■ TASK TO CARRY OUT
From the records below, copy out exactly the lines from the one containing "本日2月7日(火)マルハンにおまかせ!!新台入替(予定)" to the one containing "In brief, the", both included. Add nothing else.

■ GIVEN DATA
******************************
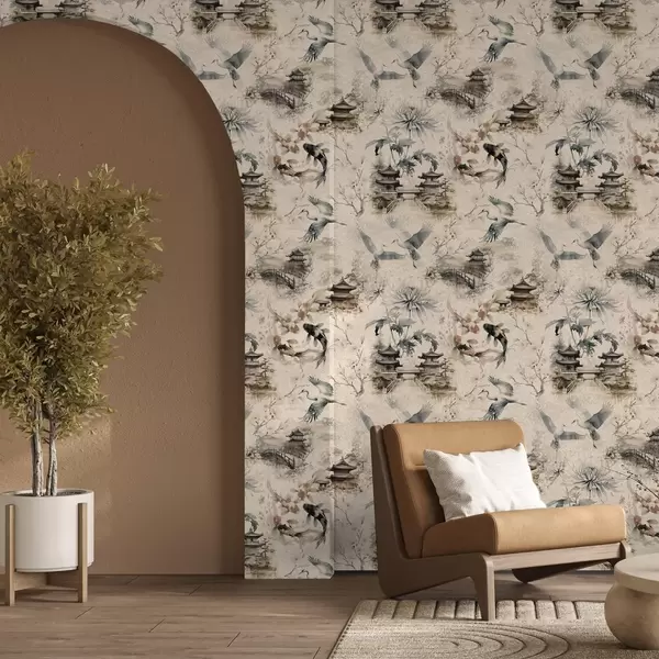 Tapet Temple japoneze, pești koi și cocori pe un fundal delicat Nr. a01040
******************************
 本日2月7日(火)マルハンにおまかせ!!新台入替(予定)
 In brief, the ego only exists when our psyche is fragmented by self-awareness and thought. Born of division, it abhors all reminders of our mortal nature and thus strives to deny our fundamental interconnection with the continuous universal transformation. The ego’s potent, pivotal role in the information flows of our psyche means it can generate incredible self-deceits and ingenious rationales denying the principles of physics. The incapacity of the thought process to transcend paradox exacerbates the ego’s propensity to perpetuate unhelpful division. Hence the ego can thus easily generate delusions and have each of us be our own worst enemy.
******************************
■ WRITTEN SOLUTION
 本日2月7日(火)マルハンにおまかせ!!新台入替(予定)
 In brief, the ego only exists when our psyche is fragmented by self-awareness and thought. Born of division, it abhors all reminders of our mortal nature and thus strives to deny our fundamental interconnection with the continuous universal transformation. The ego’s potent, pivotal role in the information flows of our psyche means it can generate incredible self-deceits and ingenious rationales denying the principles of physics. The incapacity of the thought process to transcend paradox exacerbates the ego’s propensity to perpetuate unhelpful division. Hence the ego can thus easily generate delusions and have each of us be our own worst enemy.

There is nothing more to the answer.